Olimpiyat şampiyonu ulusal güreşçi Taha Akgül, yeni tip koronavirüs (Kovid-19) nedeniyle 2020 Tokyo Olimpiyatları’nın ertelenmesinin tedavi süreci için Allah’ın bir lütfu olduğunu belirterek, artık güreşebilecek düzeye geldiğini ve maksadının ikinci olimpiyat altın madalyası olduğunu söyledi.
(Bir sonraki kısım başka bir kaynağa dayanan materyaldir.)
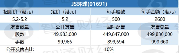 智通财经APP获悉,12月17日,JS环球(01691)配售结束。配售招股价5.2-5.2港元,最终定价5.2港元,每手2600港元。

Olimpiyat, dünya ve Avrupa şampiyonu ulusal güreşçi Taha Akgül, 9 ay evvel ulusal ekip kampında sakatlanmasını ve tedavisinin akabinde tekrar mindere çıkarak 2020 Tokyo Olimpiyatları’na hazırlık çalışmalarını AA muhabirine kıymetlendirdi.
2016 Rio Olimpiyatları’nda Türkiye’ye tek altın madalyayı kazandıran Taha Akgül, “Yaşar Doğu kampında çok önemli bir sakatlık geçirdim. Omzumdan köprücük kemiği çıktı, çok önemli bir operasyon geçirdim. Bu biçimde 6 aylık bir vakitte olimpiyatlara yetişmem çok zordu. Çok üzülmüştüm natürel olimpiyatları kaçırma riskim var diye, yani nasip bu pandemi salgını olimpiyatların ertelenmesine sebep oldu. Tarihte birinci sefer ertelenme hadisesi oldu, o da bize denk geldi. Benim için bu çok büyük bir lütuf oldu; zira olimpiyatlar 4 senede bir geliyor, bir daha bahtımız olur mu olmaz mı, yakalayabilir miyiz? Allah’ın bir lütfu oldu.” diye konuştu.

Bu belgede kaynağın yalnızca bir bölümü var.